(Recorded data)
----

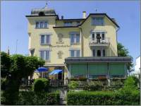 Unser Zimmer hatten wir im zweiten Stock, Nr. 12 wie auch schon, zur Strassenseite. Vis-à-vis war die ganze Familie am Grillieren im Garten draussen. Erst mal raus aus den heissen Töff-Klamotten und unter die Dusche – welche Wohltat. Während es im Sustenpass schon ganz schön kühl war, spürte man hier die Hitze wieder in ihrer vollen Pracht. Wegen des Lüftchens zogen wir es aber vor, im Innern des Hauses zu dinieren, in der Bella Vista-Stube. Da draussen war ganz viel los, Kinder spielten, Touristen flanierten und von Zeit zu Zeit kam ein Bus, der sich entleerte und gleich wieder füllte. Auch wir hatten eine Gästekarte bekommen, die uns eine freie Benützung der Busse in und um Interlaken bot, eine gute Idee. So bleiben Auto und Töff stehen und die Gäste konnten sich trotzdem frei bewegen. Die Speisekarte bot uns viele Genüsslichkeiten an, unsere Wahl beschäftigte uns und die Küche dann auch einen halben Abend lang. Wir waren am Schluss so satt und so müde, denn die Kilometer bei diesen heissen Temperaturen hatten ihre Spuren hinterlassen, so dass wir uns sogleich ins Zimmer zurückzogen und gleich auch vom Schlaf übermannt wurden.
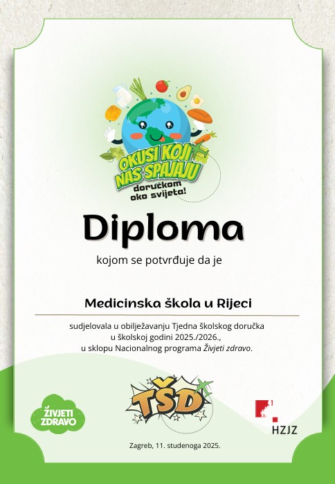 Medicinska škola u Rijeci ponosno je primila diplomu kojom se potvrđuje sudjelovanje u obilježavanju Tjedna školskog doručka u školskoj godini 2025./2026., u sklopu Nacionalnog programa Živjeti zdravo.
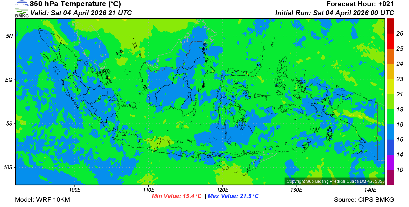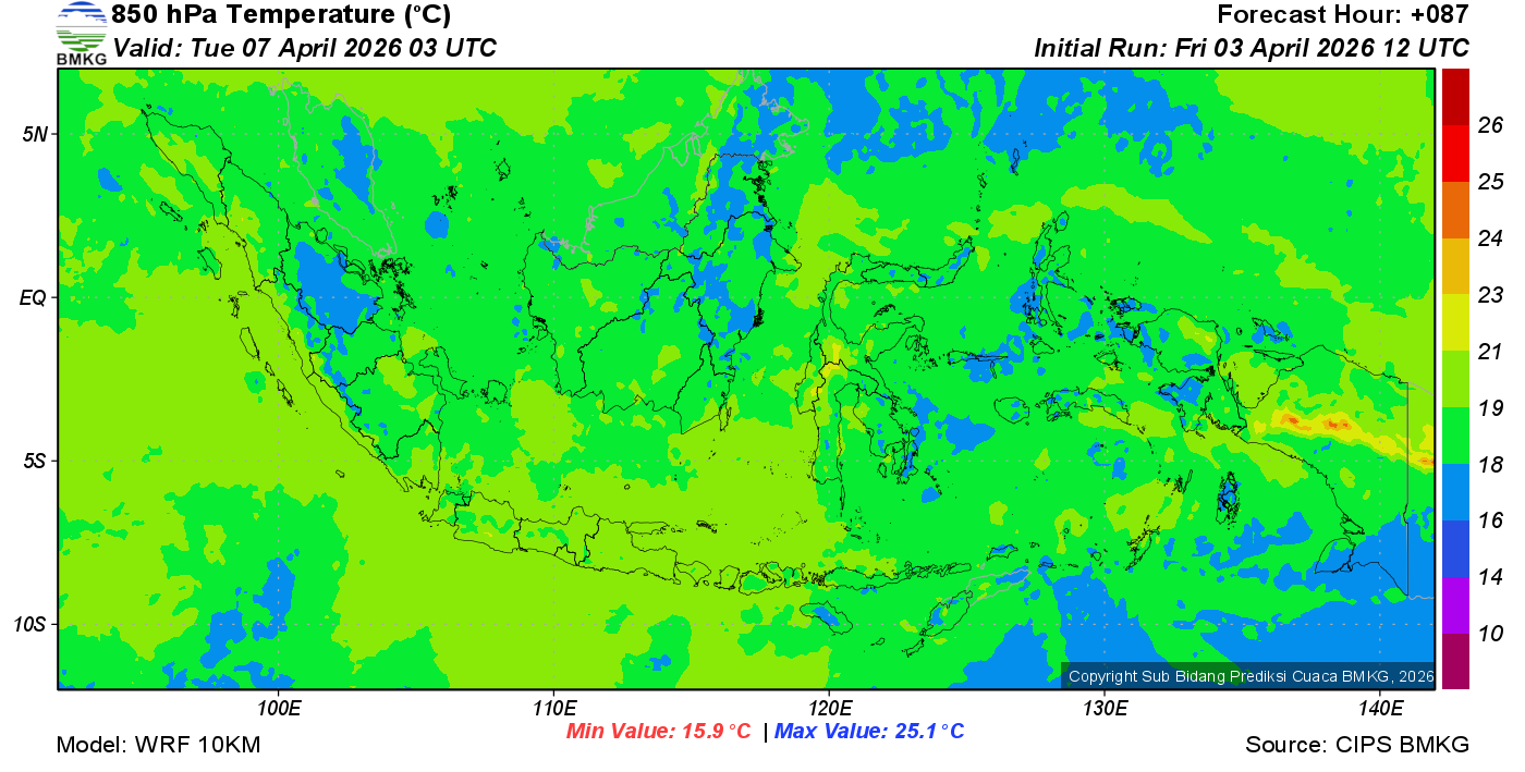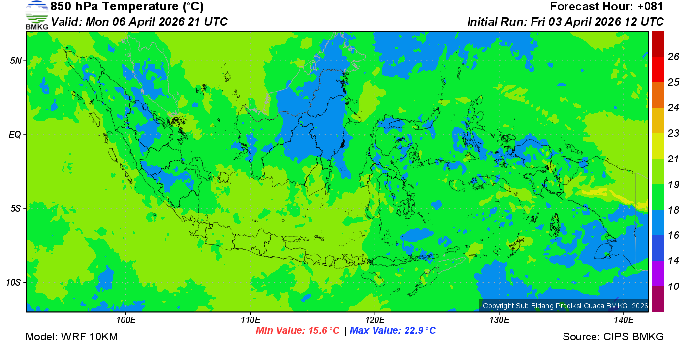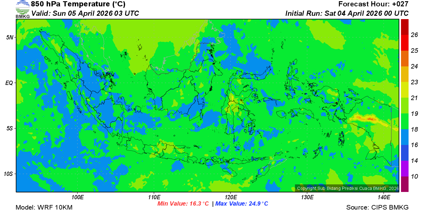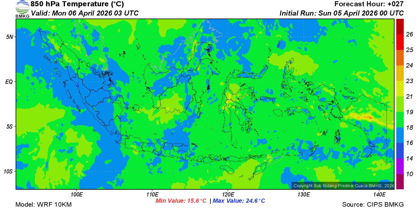 Prakiraan Angin Lapisan 850 Gunung Awu
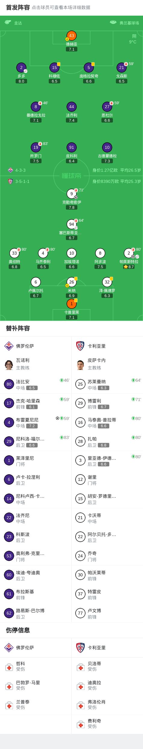 第31分钟,先拔头筹,克勒奇索伊头球破门,卡利亚里1-0
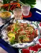 Sprinkle horseradish curls over the meat and garnish with apple wedges and lemon balm. Add remaining sauce and roast potatoes extra.
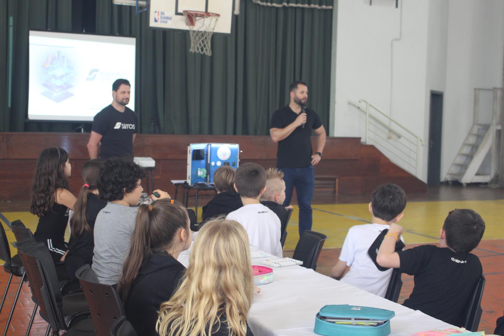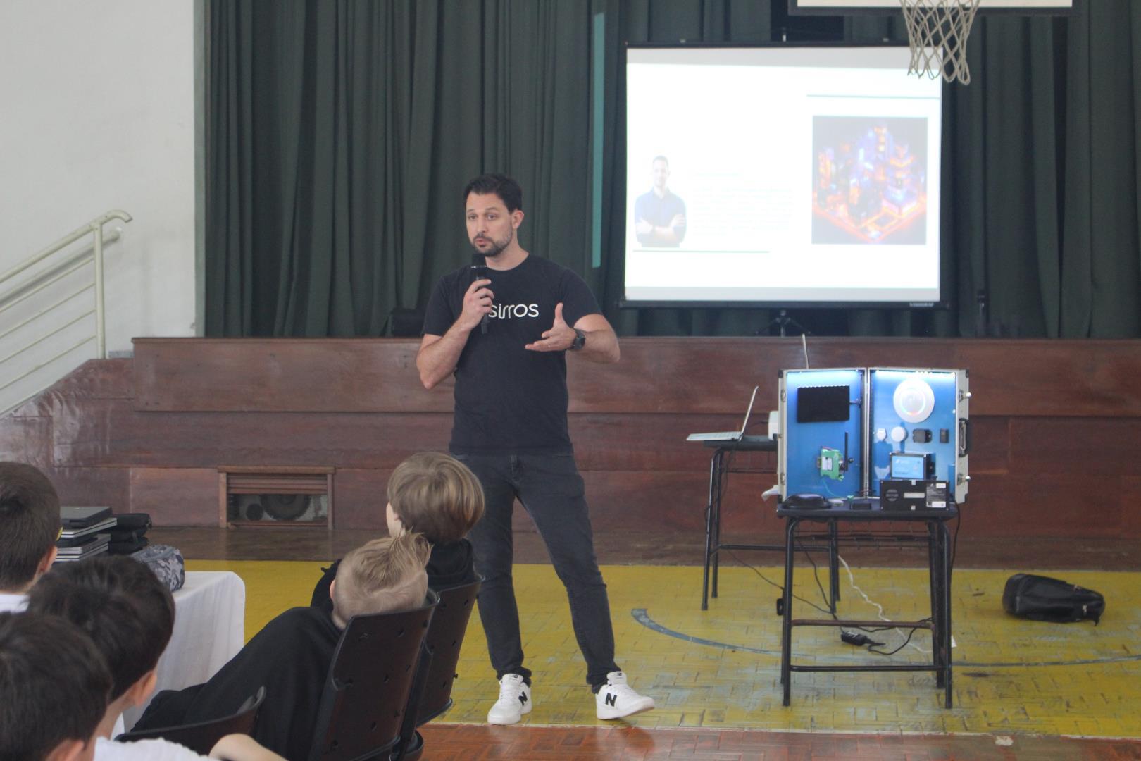 Realizada no ginásio da Unidade Pindorama, a atividade contou com três etapas dinâmicas. Primeiro, os estudantes participaram de um talk conduzido por Diego Schlindwein, CEO ( Chief Executive Officer) da Sirros IOT, uma startup de Indústria 4.0 eleita por dois anos consecutivos como a melhor startup de IOT do Brasil e tem no seu portfólio grandes empresas como clientes (Randon, ArcelorMittal, Tigre, dentre tantas outras). Além disso, o Diego apresentou conceitos e exemplos, mas também trouxe dispositivos de hardware IOT para demonstrar aos alunos.
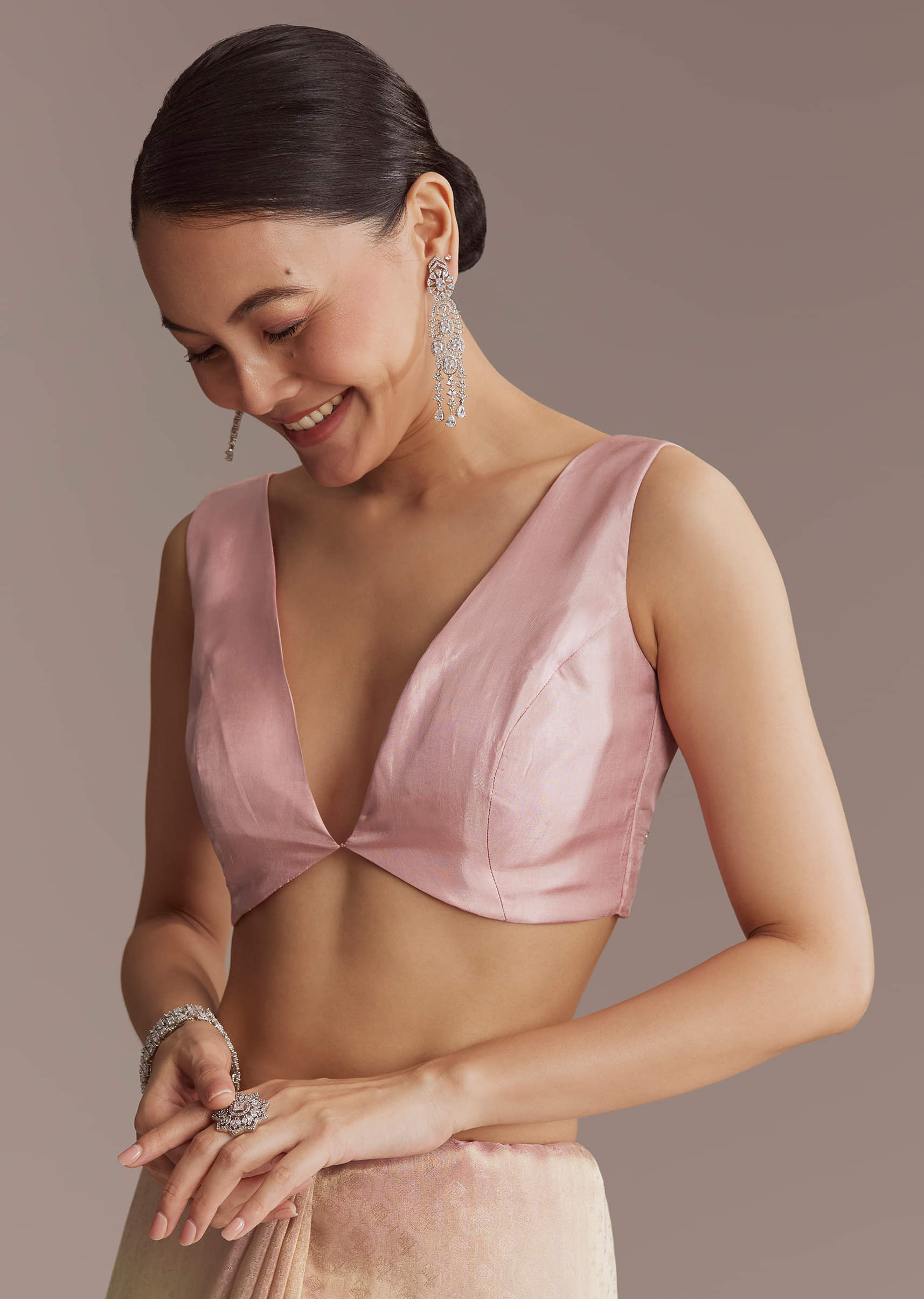 A soft two-tone look brings charm to this beige and pink ombre jacquard embroidered saree. The border and buttis are finished with cutdana, sequins, beads, and mirror details for layered... More Product Details
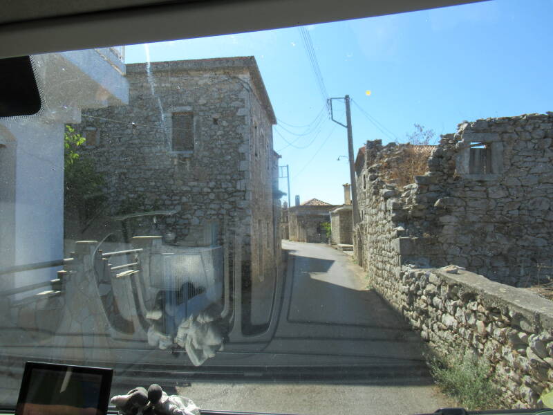 We rijden door het gebergte met diepe kloven, groene begroeing en rotsige uitlopers van behoorlijke hoogte, richting Itylo waar tot in de 18e eeuw een slavenmarkt was.

----

** Aim of the exercise **
Go to the line with "Realizada no ginásio" in the entries above. Reproduce that line and each one after it to the end, exactly and without the pictures.

** Worked solution **
 Realizada no ginásio da Unidade Pindorama, a atividade contou com três etapas dinâmicas. Primeiro, os estudantes participaram de um talk conduzido por Diego Schlindwein, CEO ( Chief Executive Officer) da Sirros IOT, uma startup de Indústria 4.0 eleita por dois anos consecutivos como a melhor startup de IOT do Brasil e tem no seu portfólio grandes empresas como clientes (Randon, ArcelorMittal, Tigre, dentre tantas outras). Além disso, o Diego apresentou conceitos e exemplos, mas também trouxe dispositivos de hardware IOT para demonstrar aos alunos.
 A soft two-tone look brings charm to this beige and pink ombre jacquard embroidered saree. The border and buttis are finished with cutdana, sequins, beads, and mirror details for layered... More Product Details
 We rijden door het gebergte met diepe kloven, groene begroeing en rotsige uitlopers van behoorlijke hoogte, richting Itylo waar tot in de 18e eeuw een slavenmarkt was.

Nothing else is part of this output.